All right. Thank you, Sean. Today I'm going to give you a talk about how to make your data science notebook or just about any R project that you might have a little bit more reproducible than it already is.

And I just want to point out that at the end of my talk I will give you a link to a GitHub repo that contains all of the links, the readme, other demos and tutorials and so on. So feel free to listen and not take notes just yet.

So this is a situation that I frequently find myself in. I find a cool project on GitHub. I try to clone it. I can see that they've got a few packages listed, a few datasets mentioned. But even if I'm able to install those packages, the code doesn't quite work correctly and I start debugging and things don't quite work, and I don't have a beautiful R markdown at the end. I just have a very, very sad GitHub repo with lots of errors, and then I just move on to something else.

The research compendium

And so the main thing I want to talk to you about today is this idea of a research compendium. And this is an idea that was put forth back in 2004 by Robert Gentleman and Duncan Temple-Lang. And the general idea was that you can create sort of this container for your data, your code and your text, but also take advantage of software engineering principles to make sure that this package that you have or compendium that you have can easily be maintained, updated and then shared with everyone else.

And so what I want to encourage you after this talk is to go back and set up a compendium for your project as a way to make it easily shareable and useful to other people. Even though setting up a compendium was very complex and painful back in 2004, thanks to Tidyverse plus DevTools and friends, it's a lot easier to do now.

And so Ben Marwick, Carl Bettinger and Lincoln Mellon wrote a very nice paper last year on how to set up a research compendium or a practical guide to setting up a research compendium. And I just want to talk through a few of these ideas that came out of that paper. The first one being that you should just organize your project in a way that makes sense to you. There are no hard and fast rules about how to set up a compendium.

Many of you attended Jim and Jenny's workshop over the last couple of days on how to set up your R projects. All the advice you got from there is excellent for a compendium. And so just do it in a way that makes sense for people that you might collaborate with. Once you've got that going for you, make sure you have all of your code and your data and all of the artifacts separate from the outputs that you might want to generate.

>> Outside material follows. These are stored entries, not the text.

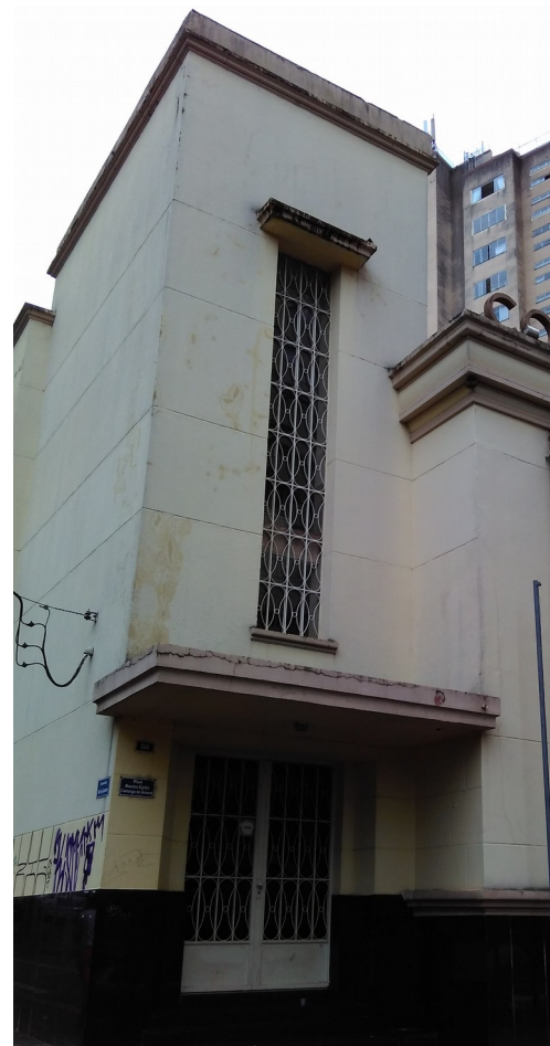
Detalhe esquadrias, 2018.
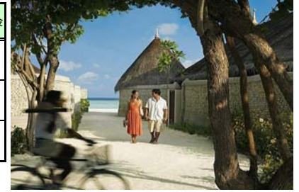
<リゾートイメージ>

●12月15日までに1月11日～3月31日の期間内でクダフラにチェックインするご予約をされた方は、クダフラご滞在中1部屋2名様まで「夕食付き」とさせていただきます。(現地出発日を除く)
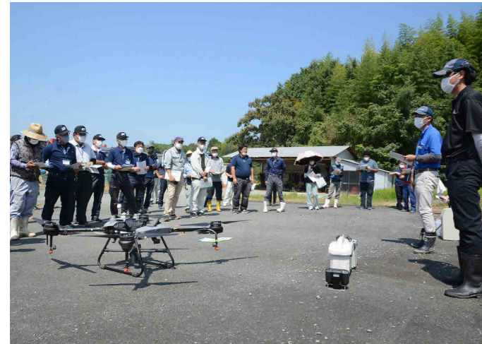
ドローン使用時の注意点について説明するメーカー社員

その後行われた空散用ドローンの実演会では、㈱丸山製作所の社員2人が操縦役のオペレーターと指示役のナビゲーターとなり、水稻のほ場一面に農薬を散布。無人ヘリコプターと比べて、本体が軽量で操縦が容易な上、低価格で個人購入も比較的容易であることを説明しました。また、通常の防除より高濃度で農薬を空中散布するため、手袋をした状態で作業を行うことや近隣への飛散防止など安全への配慮を怠らないことなどを呼び掛けました。ドローンを使用する場合、令和4年6月から100g以上の機体は国土交通省への登録が必要となっています。
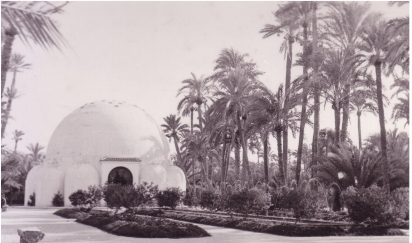
Pabellón Central de la Exposición Industrial. 1948
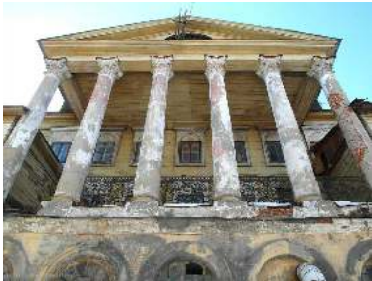
Дом Котелова, 1833 г., архитектор П.Г. Пятницкий (современный адрес: ул. Гладилова, 53)
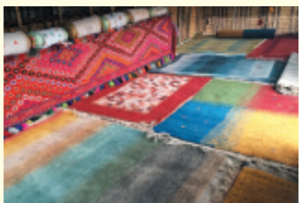
→カシユガイ族の遊牧テントで日常的に使われるギャツベ。この上で生活し、眠りにつく家族を守る大切な道具になる。

の憧れが強く、色彩感覚が研ぎ澄まされている。草原や大地の色あい、夕陽の赤や夜空の濃紺。そこには自然を敬う世界観や、家族の幸せを願うやさしい思いが表現されているのだ。しかし色やデザインに特別な決まりごとはなく、織り手の感性で自由に織り上げるため、個性豊かで絵画のように美しいことが、ギャツベの大きな魅力。素朴なあなたかみとモダンな印象をあわせ持つ芸術性は、世界中に愛好家がいるという。そのなかでも、羊毛の質や織りの技術、デザインがとくに優れているものだけが『アートギャツベ』と呼ばれる。日本でこの呼称があるギャツベは、本物の証といえるのだ。
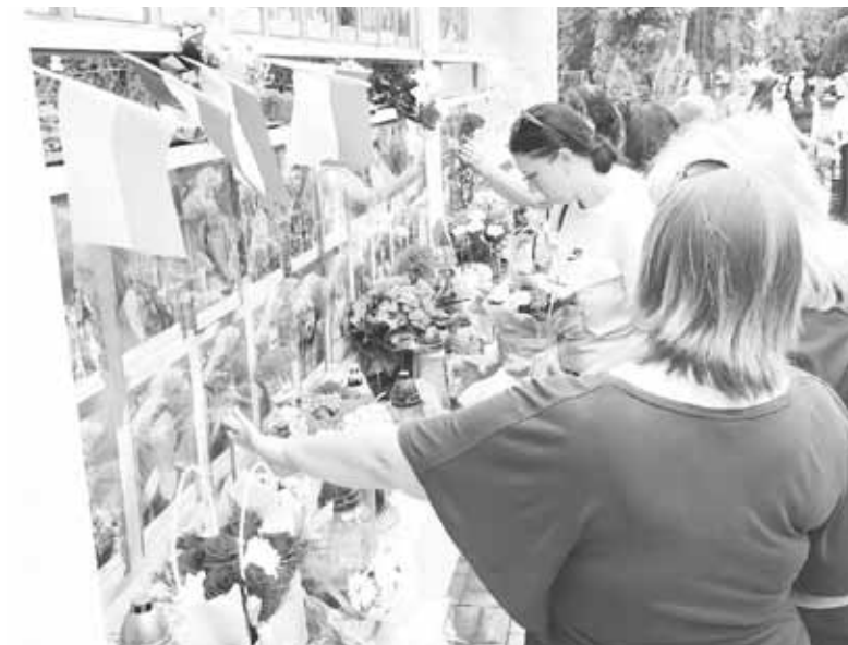
Після завершення заходу, усі пройшли до пам'ятного знаку «Загиблим воїнам-захисникам». Меморіальний комплекс зі світлинами загиблих воїнів у День Героїв засипали квітами
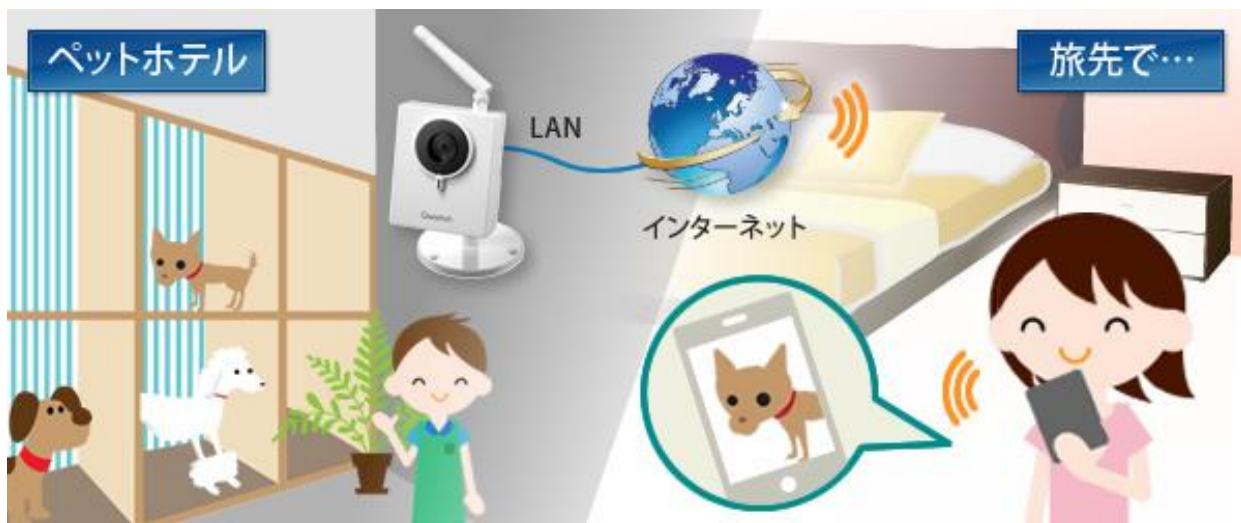
■「WEBカメラサービス」イメージ図

And then the last bit that is not necessarily about Docker itself, although I'll spend most of my time talking about Docker, is figure out some way to describe your computing environment as well as you can so that someone in the future can actually run your analysis or then extend it one way or another.

And so to make your compendium shareable and useful, you have to have four separate things. One is make sure there's a license that tells people how to use it. Make sure it's under some kind of version control, preferably Git. Make sure there's enough metadata as part of your compendium. And then the last thing, which is often ignored everywhere, is that you need to have a long-term archive. So GitHub is not a long-term archive, but Zenodo.org, for example, is a long-term place where you can deposit your compendium so that it continues to persist even after GitHub disappears or any other services disappear.

So GitHub is not a long-term archive, but Zenodo.org, for example, is a long-term place where you can deposit your compendium so that it continues to persist even after GitHub disappears or any other services disappear.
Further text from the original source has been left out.